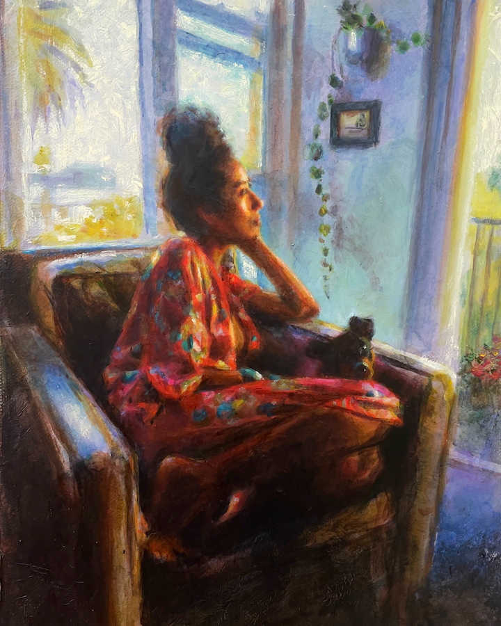 “Windows” is a 2020 mixed media painting by Constance Brantley, created with acrylic, paper, and oil stick on canvas. The work reflects Brantley’s layered approach to memory and perception, using torn paper and textured paint to create a sense of fragmented observation and emotional depth.
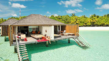 Bo granne med Indiska oceanen. Stege ner i vattnet från soldäcket. Solstolar och bord på soldäcket. Water Villas är ca 77 m² inklusive badrum och terrass.
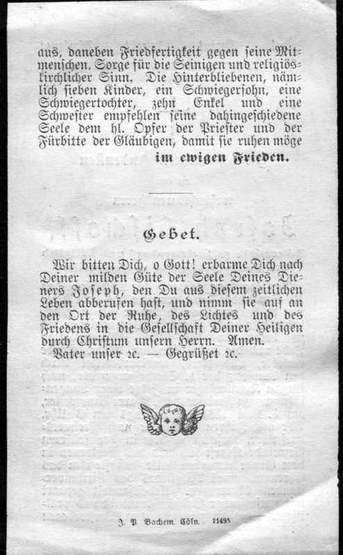 Ackerwirt zu Freimersdorf, Mitgl. Kirchenvorstand zu Brauweiler; ∞ Sophia Baumeister, † 15.3.1880; vor 8 J. siedelter er nach von Kaarst nach Freimersdorf über; 7 überlebende Kinder |
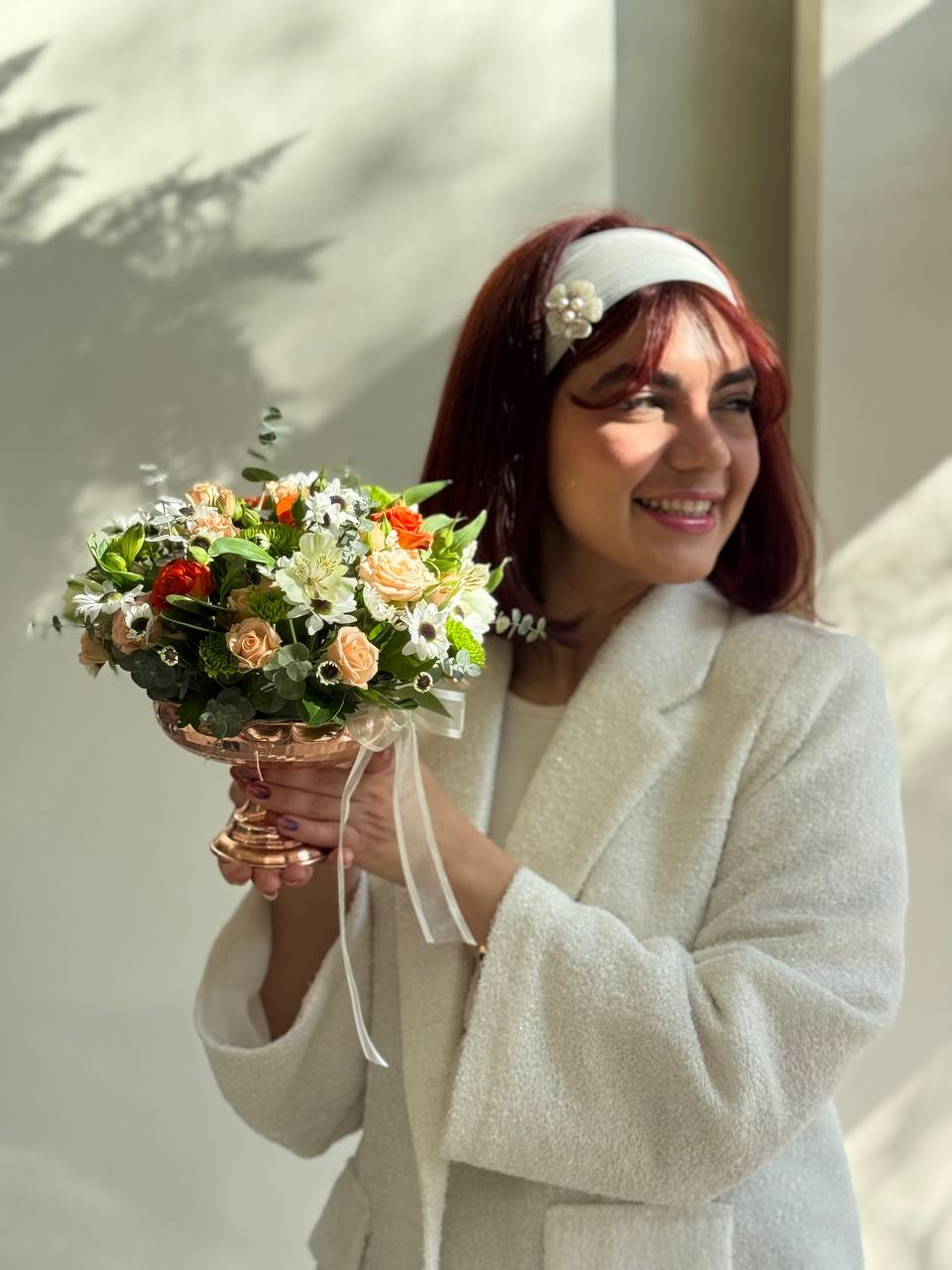 ظرف مسی کیمیا با رزهای مینیاتور لطیف، داوودیهای پرانرژی و آلسترهای درخشان؛ هدیهای منحصر به فرد، لوکس و فراموشنشدنی برای روز مادر.
☆ ☆ ☆ ☆ ☆ ☆ ☆
→ WHAT YOU WILL DO
Could you reproduce exactly the lines from the first line of the listing through the line containing "Ackerwirt zu Freimersdorf, Mitgl.", both included, with pictures left out?

→ SOLUTION BELOW
 “Windows” is a 2020 mixed media painting by Constance Brantley, created with acrylic, paper, and oil stick on canvas. The work reflects Brantley’s layered approach to memory and perception, using torn paper and textured paint to create a sense of fragmented observation and emotional depth.
 Bo granne med Indiska oceanen. Stege ner i vattnet från soldäcket. Solstolar och bord på soldäcket. Water Villas är ca 77 m² inklusive badrum och terrass.
 Ackerwirt zu Freimersdorf, Mitgl. Kirchenvorstand zu Brauweiler; ∞ Sophia Baumeister, † 15.3.1880; vor 8 J. siedelter er nach von Kaarst nach Freimersdorf über; 7 überlebende Kinder |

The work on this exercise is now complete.